2006 Ohio 3860 | Ohio Ct. App. | 2006

DECISION.
{¶ 1} Defendant-appellant, Ducru Limited Partnership, appeals the entry of summary judgment in favor of plaintiff-appellee, The Fifth Third Bank. We find no merit in Ducru's assignment of error, and we affirm the trial court's judgment.

{¶ 2} The controversy in this case involved a commercial lease agreement and two amendments. Ducru was the landlord and Fifth Third was the tenant. The lease gave Fifth Third the right to terminate the lease any time after ten years. To exercise that right, Fifth Third had to provide written notice of its intent to terminate the lease and had to deliver a promissory note by the termination date, which was one year after the date of the notice.

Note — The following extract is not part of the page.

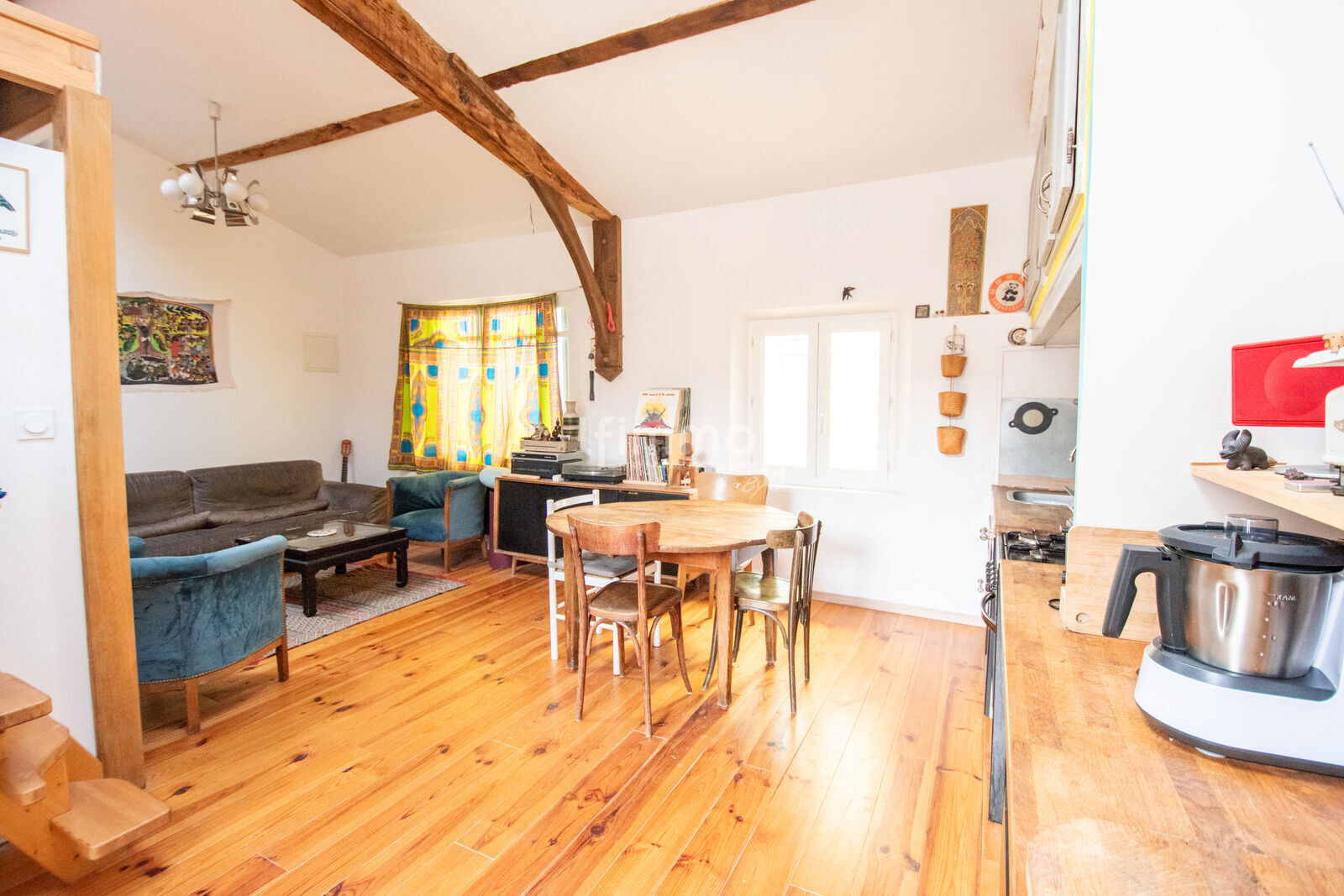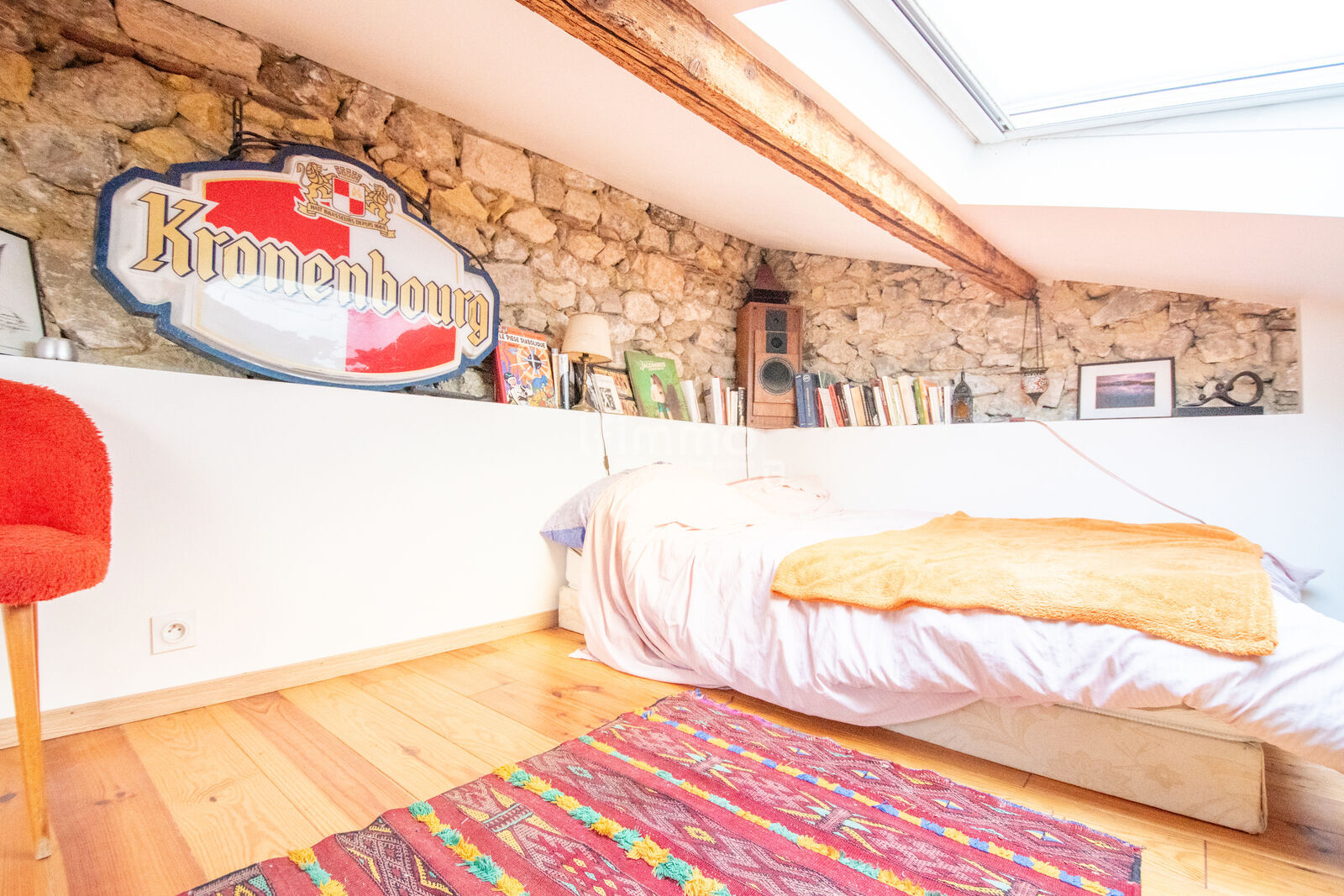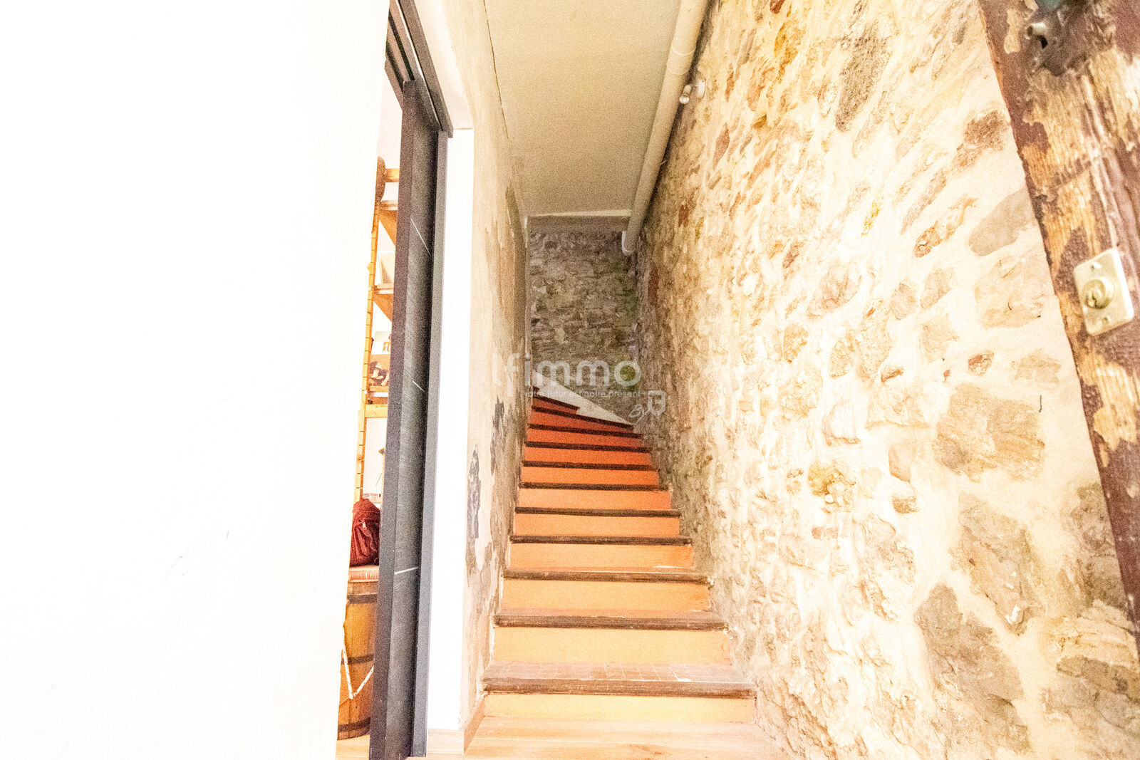 Vous serez séduit par les pierres apparentes d’origine qui ornent les murs de l’escalier, apportant charme et authenticité à l’ensemble.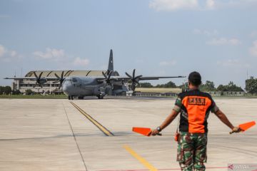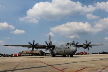 Crew pesawat memeriksa pesawat C130J Super Hercules usai tiba di Lanud Halim Perdanakusuma, Jakarta, Rabu (28/6/2023). Pesawat C130J Super Hercules TNI AU yang kedua dari lima unit yang dipesan Pemerintah melalui Kementerian Pertahanan telah tiba di Indonesia yang nantinya akan diserahkan oleh Menteri Pertahanan Prabowo Subianto kepada TNI AU guna memperkuat matra udara. ANTARA FOTO/Asprilla Dwi Adha/hp.

{¶ 3} The lease required the promissory note to be in a certain form and "in the amount of the Termination Payment[.]" The lease set forth a complex formula for determining the amount of the "Termination Payment." It also stated that "[i]f Tenant fails to execute and deliver the Promissory Note to Landlord on the Termination Date, then this Lease shall not terminate on the Termination Date, Tenant's election to exercise the Termination Option shall terminate and Tenant must comply again with all of the provisions of this Section 21.3 if Tenant elects to terminate this Lease."

{¶ 4} Fifth Third submitted a termination notice to Ducru on August 28, 2002. It also submitted a promissory note, a full year before it was due, for $195,497, which it had calculated as the termination payment under the formula in the lease. Ducru acknowledged receiving the notice and the note, but stated that the proposed amount of the promissory note was not correct. Fifth Third wrote a letter back to Ducru asking for their "calculations and any comment with respect to the Promissory Note." Ducru responded to Fifth Third's letter, but failed to address the question of its calculation of the amount of the termination payment. Instead, it continued to maintain that it had not received an effective termination notice due to the incorrect amount of the note.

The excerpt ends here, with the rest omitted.